Кингдон предусмотрительно не стал брать ее под руку, хотя на поле были сплошные кочки. Перед ангаром стоял новенький «Кертис Ориол». Механик прогревал двигатель. Кингдон с удовольствием и вместе с тем придирчиво осмотрел самолет.
– Это твой аэроплан? – спросила Тесса, перекрывая шум мотора.
– Очнись! Сейчас другие времена, – ответил Кингдон. – Консервативные в языке англичане по-прежнему называют их аэропланами, но мы, неразборчивые американцы, давно уже говорим просто: самолеты. Запомни это слово. Самолет! Я только что получил эту бабочку. Мне сделали ее на заказ. – Он махнул рукой. – Видишь? Фюзеляж обшит фанерой. Он более гладкий, чем у моего «Кэнака» или у старушки «Дженни». Ну как, впечатляет? Согласись, иметь три самолета – совсем неплохо для человека, который не так давно был рад печенью из твоей корзинки? Хочешь прокатиться?
Вопросы сыпались на нее градом. Она ответила на все одним кивком головы.
Текс зарабатывал на жизнь, выполняя воздушные трюки в фильмах с участием Кингдона Вэнса. Но «Зефир-Филд» оказалась на грани банкротства. Доходы от зевак и желающих полетать были никудышные. Для отважившихся подняться в воздух в ангаре имелись запасные летные костюмы. Тесса надела ватный жилет и кожаную куртку. Кингдон подал ей летный шлем, очки и ватные перчатки. Когда она была готова, он смешно раздул щеки.
– Толстуха!
Они вышли из ангара и направились к самолету. Он показал ей, куда ставить ногу, чтобы острым каблуком не порвать крыло. Она села на пассажирское место. Он забрался следом. Механик крутанул винт, потом убрал тормозные колодки. Кингдон дал газ, они взлетели и стали взбираться в небо.

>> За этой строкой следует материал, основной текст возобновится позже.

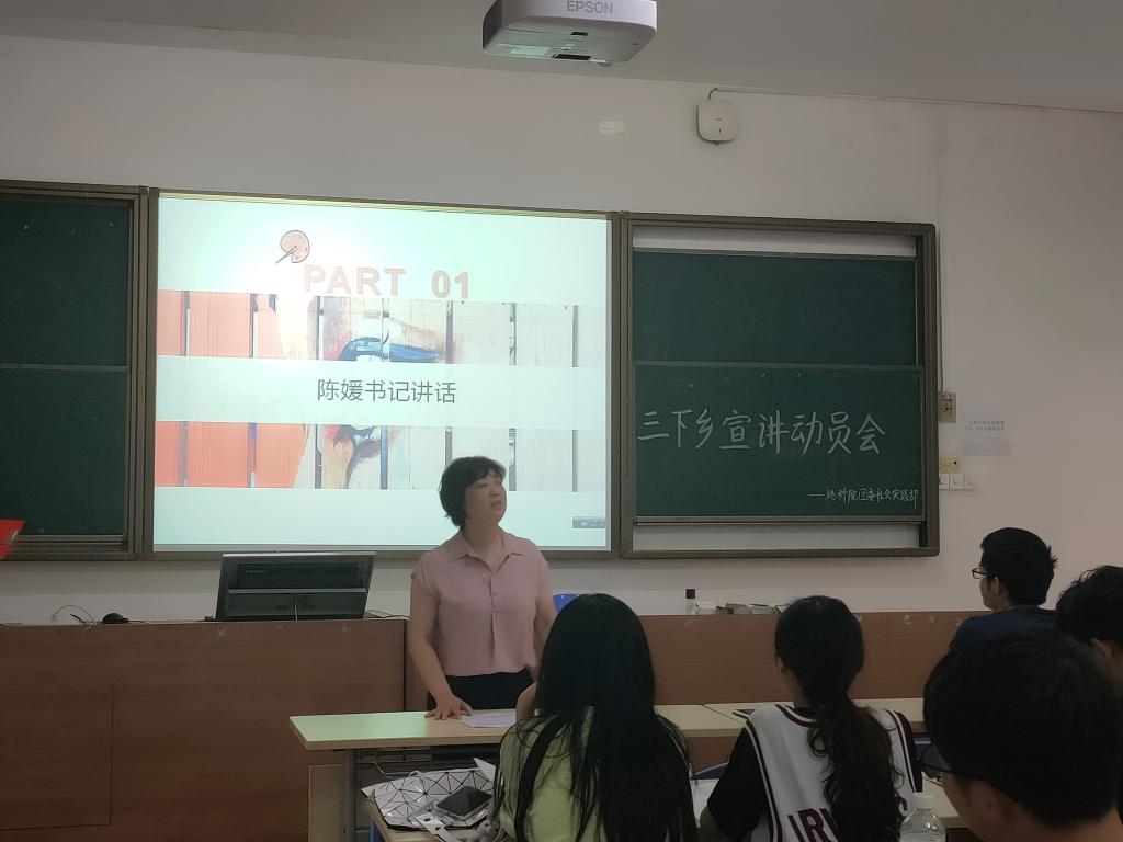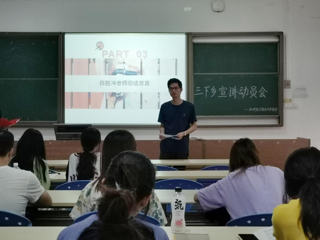 (通讯员:滕召霞)6月30日中午,地理科学学院团委社会实践部在经纬楼227教室举行“三下乡”宣讲会,此次宣讲会由地科院党委副书记陈媛、学工办老师陈胜冲出席,19级、20级各班代表参加。

Город лежал на востоке. Со всех сторон его обступали темно-зеленые цитрусовые рощи, серебристые масличные деревья, поля фасоли, огороды. Паутина дорог вилась среди зелени пригородов и окраин: Голливуд, Соутелл, Ла Баллона, Беверли-Хиллс, – с огромным овалом гоночной трассы – Санта-Моника, Редондо-Бич. К северу, в горах Санта-Моники виднелся перевал Кахуэнга. Здесь вперемежку были раскиданы местечки с испанскими, индейскими и американскими названиями. Видимо, присутствие Тессы напомнило Кингдону о Паловерде. Вообще он редко думал об этом месте, так как ранчо принадлежало Баду.
– Паловерде! – крикнула Тесса.
Он вздрогнул, когда ветер донес до него это слово. Она что, его мысли читает?.. Тесса очертила рукой пространство, включавшее в себя город, окружавшие его фермы и дубовые рощи вдоль горной гряды. Получился силуэт гигантской кошки, уткнувшейся мордой в Тихий океан. Самолет подбросило порывом ветра, и Кингдону показалось, что он владеет раскинувшейся внизу территорией, той землей, которую когда-то испанский король пожаловал его предку Гарсия.
– Теперь будем часто летать вместе, – крикнул он. Из-за ветра она не расслышала его слов, но согласно кивнула. Очки закрывали почти все ее лицо, были видны только полные нежные губы.
«Прекрасно! Дружба между братом и сестрой! И ничего больше! – подумал он. – Так будет легче. Чисто платонические отношения».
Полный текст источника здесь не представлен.